» Dataset content:

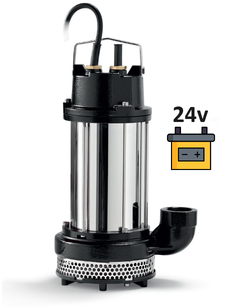 Pompe de relevage pour eaux claires, usées ou chargées.Alimentation 24V à partir de batteries, panneaux photovoltaïques ou toute source d'alimentation à courant continu.
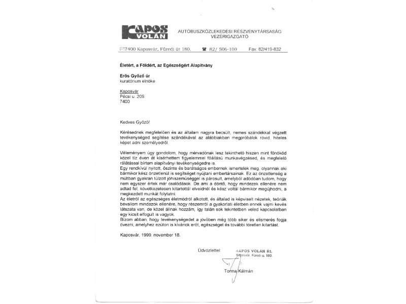Kálmán Torma is the director of Kapos Volán RT. I have already written about him. Here I just thank you again for everything.
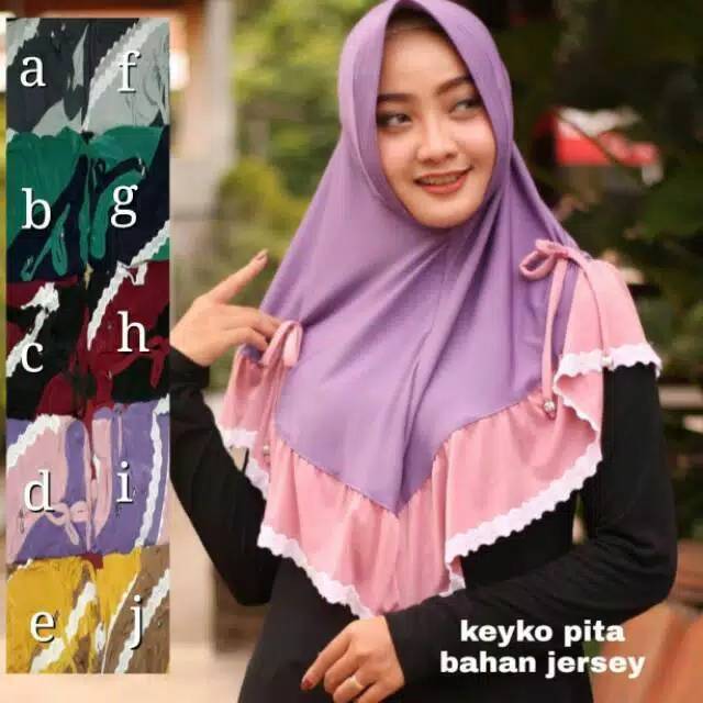 samping kanan kiri khimar ada aksen pita, kh nar terdiri dari 2 warna dengan aksen bawah terdapat renda.
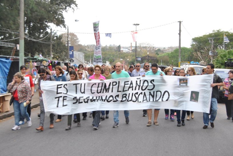Una marcha de la que participaron decenas de floridenses llegó hasta la capilla de San Cono donde dejaron una pancarta que reza: “es tu cumpleaños, te seguimos buscando”.

» What is needed:
Everything in the data above should be set down again exactly, except the pictures.

» Exercise output:
 Pompe de relevage pour eaux claires, usées ou chargées.Alimentation 24V à partir de batteries, panneaux photovoltaïques ou toute source d'alimentation à courant continu.
Kálmán Torma is the director of Kapos Volán RT. I have already written about him. Here I just thank you again for everything.
 samping kanan kiri khimar ada aksen pita, kh nar terdiri dari 2 warna dengan aksen bawah terdapat renda.
Una marcha de la que participaron decenas de floridenses llegó hasta la capilla de San Cono donde dejaron una pancarta que reza: “es tu cumpleaños, te seguimos buscando”.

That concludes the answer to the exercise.